Oguntokun also directed three Muson Festival Plays: The Gods Are Not to Blame (2006), An Ordinary Legacy (2012) and his own adaptation of Cyprian Ekwensi's Jagua Nana (2014).

Oguntokun was the recipient of the National Association of Nigerian Theatre Practitioners' (NANTAP) Award for Excellence (November 2012) and an Arts Patron Award (November 2013) at the Association's annual conventions.

==Television==
Oguntokun independently produced and wrote the TV sit-coms, Crossworld Blues on DBN TV (1999) and Living Free on MBI television (2002).
He also produced the television show on current affairs The Cutting Edge, which ran on MBI in 2002.
He was a producer and Head Writer on Season II of the Pan-African talk-show Moments with Mo and produced briefly on Season IV.

==Documentary==
Oguntokun wrote and produced a documentary on inner-city violence on young females, The Sounds Of Silence, which was commissioned by the Ajegunle Community Project (ACP) (2009).

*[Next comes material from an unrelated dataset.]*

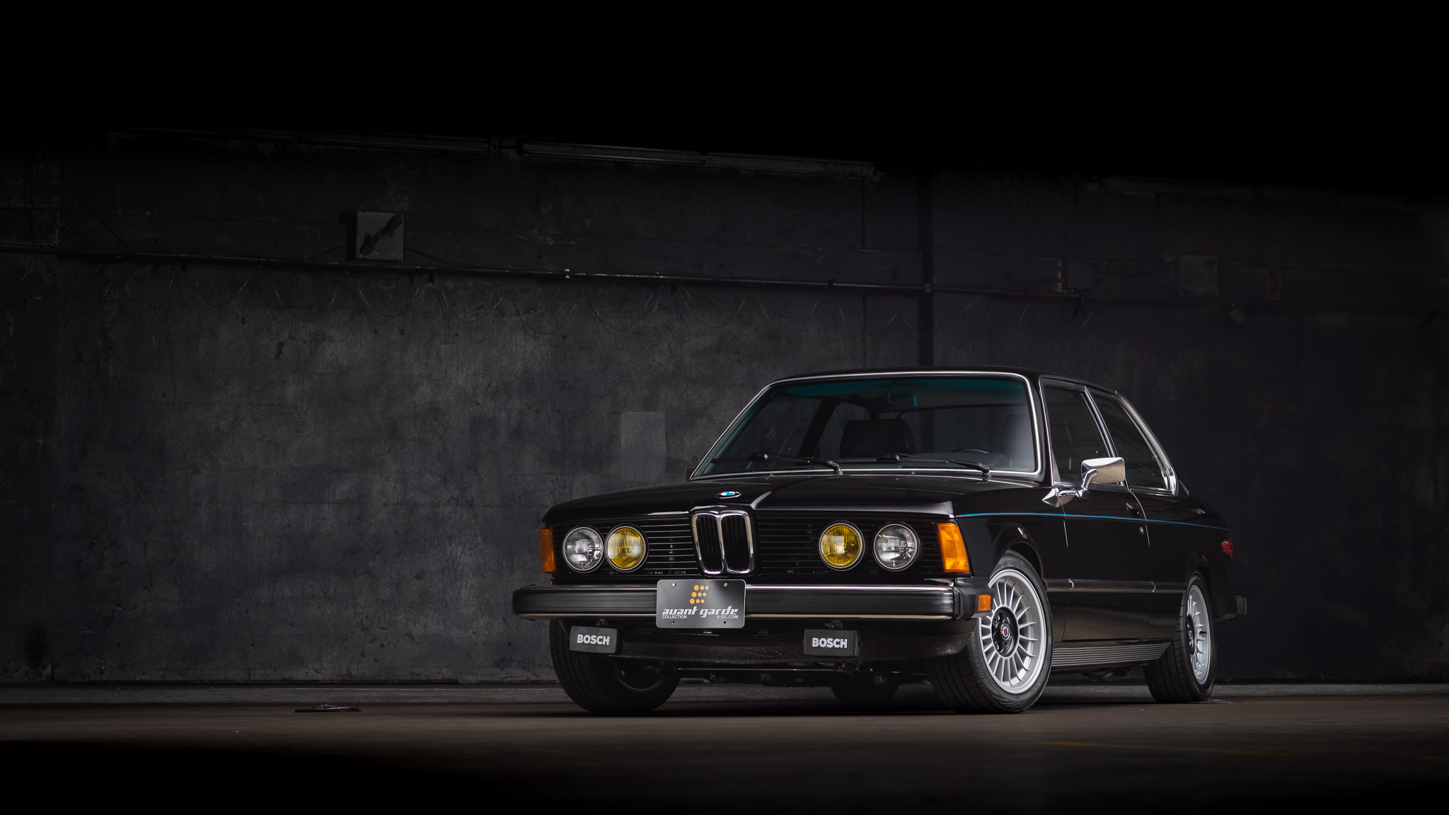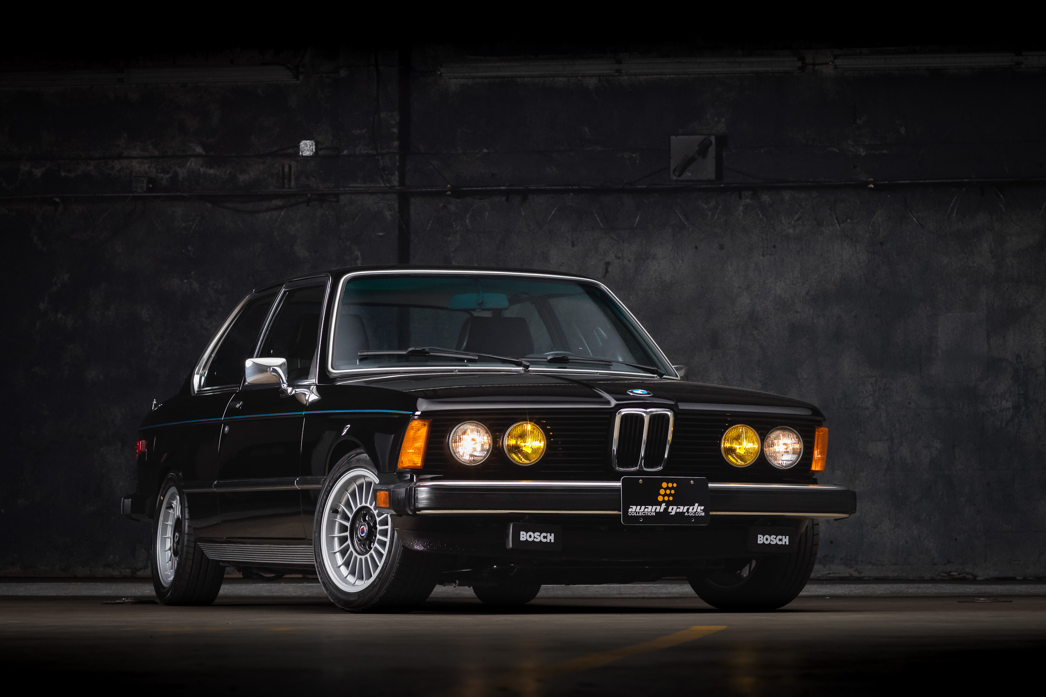 Alpina-style 15″ wheels are wrapped in 195/50 front and 205/50 rear Dunlop Direzza DZ102 tires. The suspension is fitted with Bilstein shocks, H&R springs, spherical tie rod ends, and Prothane suspension bushings. Braking is handled by front discs and rear drums.

In March 2007 he commenced "The Girl Whisperer", a weekly column on gender relations in the Sunday Guardian. The column ran for seven years. He was a member of the Governing Council of the Committee for Relevant Art (CORA), a leading Arts and Culture Advocacy Group in Nigeria and a director on the board of Theaturtle, a Canadian Theatre company.

==Death==
Oguntokun died on 26 March 2024, at the age of 56.